Give back exactly the lines of the material below, starting with the line with "Звіт про використання" and going on through the line with "Arsenal travel to".
┏━━
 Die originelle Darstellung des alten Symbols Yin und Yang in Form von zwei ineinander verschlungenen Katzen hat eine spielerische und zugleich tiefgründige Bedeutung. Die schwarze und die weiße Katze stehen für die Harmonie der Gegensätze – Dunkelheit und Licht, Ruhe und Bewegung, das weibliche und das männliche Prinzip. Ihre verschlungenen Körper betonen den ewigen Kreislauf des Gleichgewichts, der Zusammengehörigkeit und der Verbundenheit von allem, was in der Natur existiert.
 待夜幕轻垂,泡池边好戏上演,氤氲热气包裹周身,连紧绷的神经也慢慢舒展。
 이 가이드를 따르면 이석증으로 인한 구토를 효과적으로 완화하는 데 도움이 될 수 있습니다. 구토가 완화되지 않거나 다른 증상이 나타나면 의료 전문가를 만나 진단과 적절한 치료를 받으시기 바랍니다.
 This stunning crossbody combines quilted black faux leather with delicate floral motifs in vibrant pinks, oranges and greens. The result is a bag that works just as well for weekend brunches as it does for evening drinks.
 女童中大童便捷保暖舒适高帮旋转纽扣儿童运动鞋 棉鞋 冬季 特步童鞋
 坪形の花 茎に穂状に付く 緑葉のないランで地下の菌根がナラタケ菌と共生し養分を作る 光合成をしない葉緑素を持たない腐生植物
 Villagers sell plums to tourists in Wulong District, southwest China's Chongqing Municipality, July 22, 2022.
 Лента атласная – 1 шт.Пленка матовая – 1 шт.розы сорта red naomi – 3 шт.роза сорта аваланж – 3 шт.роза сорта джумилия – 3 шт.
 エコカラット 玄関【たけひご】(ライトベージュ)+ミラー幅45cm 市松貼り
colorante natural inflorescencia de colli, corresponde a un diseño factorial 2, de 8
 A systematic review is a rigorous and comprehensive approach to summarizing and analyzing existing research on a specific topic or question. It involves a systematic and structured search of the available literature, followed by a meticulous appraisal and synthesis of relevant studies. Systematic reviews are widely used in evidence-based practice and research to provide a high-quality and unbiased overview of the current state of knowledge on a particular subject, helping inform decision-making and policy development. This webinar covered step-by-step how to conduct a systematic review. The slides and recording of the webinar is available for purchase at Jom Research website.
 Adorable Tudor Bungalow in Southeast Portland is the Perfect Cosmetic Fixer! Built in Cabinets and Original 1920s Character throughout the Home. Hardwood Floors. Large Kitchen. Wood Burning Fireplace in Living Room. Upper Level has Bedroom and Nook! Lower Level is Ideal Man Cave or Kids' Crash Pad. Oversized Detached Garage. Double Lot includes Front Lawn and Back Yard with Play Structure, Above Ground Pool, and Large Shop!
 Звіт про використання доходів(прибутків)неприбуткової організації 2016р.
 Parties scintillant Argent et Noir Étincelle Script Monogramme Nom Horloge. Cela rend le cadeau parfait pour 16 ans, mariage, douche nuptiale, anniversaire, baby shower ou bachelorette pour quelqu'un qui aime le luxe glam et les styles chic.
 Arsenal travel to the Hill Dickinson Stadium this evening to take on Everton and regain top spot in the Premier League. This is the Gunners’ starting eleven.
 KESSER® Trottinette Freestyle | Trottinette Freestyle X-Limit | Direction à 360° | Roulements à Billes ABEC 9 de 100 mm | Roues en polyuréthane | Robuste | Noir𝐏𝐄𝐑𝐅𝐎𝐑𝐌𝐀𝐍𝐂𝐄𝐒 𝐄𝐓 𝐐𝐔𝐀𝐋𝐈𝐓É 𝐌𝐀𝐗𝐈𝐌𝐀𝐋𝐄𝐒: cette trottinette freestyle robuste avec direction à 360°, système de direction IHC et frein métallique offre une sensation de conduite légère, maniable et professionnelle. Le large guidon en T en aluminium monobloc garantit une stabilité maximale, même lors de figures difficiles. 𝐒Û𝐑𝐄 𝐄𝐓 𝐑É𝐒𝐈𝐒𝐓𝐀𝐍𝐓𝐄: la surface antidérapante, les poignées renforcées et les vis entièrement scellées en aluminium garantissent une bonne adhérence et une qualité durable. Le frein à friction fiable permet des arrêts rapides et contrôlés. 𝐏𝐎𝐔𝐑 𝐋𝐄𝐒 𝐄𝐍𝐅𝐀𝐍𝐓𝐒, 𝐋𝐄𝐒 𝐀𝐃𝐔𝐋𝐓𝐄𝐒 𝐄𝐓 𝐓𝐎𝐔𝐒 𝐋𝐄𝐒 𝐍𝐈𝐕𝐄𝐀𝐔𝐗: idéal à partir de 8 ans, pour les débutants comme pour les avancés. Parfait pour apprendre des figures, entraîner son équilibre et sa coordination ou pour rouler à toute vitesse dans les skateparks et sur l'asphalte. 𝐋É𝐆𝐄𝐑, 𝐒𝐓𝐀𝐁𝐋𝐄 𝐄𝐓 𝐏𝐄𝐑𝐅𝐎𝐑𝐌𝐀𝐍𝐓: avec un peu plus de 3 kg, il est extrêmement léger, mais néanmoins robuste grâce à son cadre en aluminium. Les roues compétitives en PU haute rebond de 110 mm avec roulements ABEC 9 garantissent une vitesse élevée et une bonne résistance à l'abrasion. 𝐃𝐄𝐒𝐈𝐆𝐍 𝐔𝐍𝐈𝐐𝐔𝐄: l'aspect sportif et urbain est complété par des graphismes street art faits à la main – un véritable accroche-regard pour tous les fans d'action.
┗━━
Answer box:
 Звіт про використання доходів(прибутків)неприбуткової організації 2016р.
 Parties scintillant Argent et Noir Étincelle Script Monogramme Nom Horloge. Cela rend le cadeau parfait pour 16 ans, mariage, douche nuptiale, anniversaire, baby shower ou bachelorette pour quelqu'un qui aime le luxe glam et les styles chic.
 Arsenal travel to the Hill Dickinson Stadium this evening to take on Everton and regain top spot in the Premier League. This is the Gunners’ starting eleven.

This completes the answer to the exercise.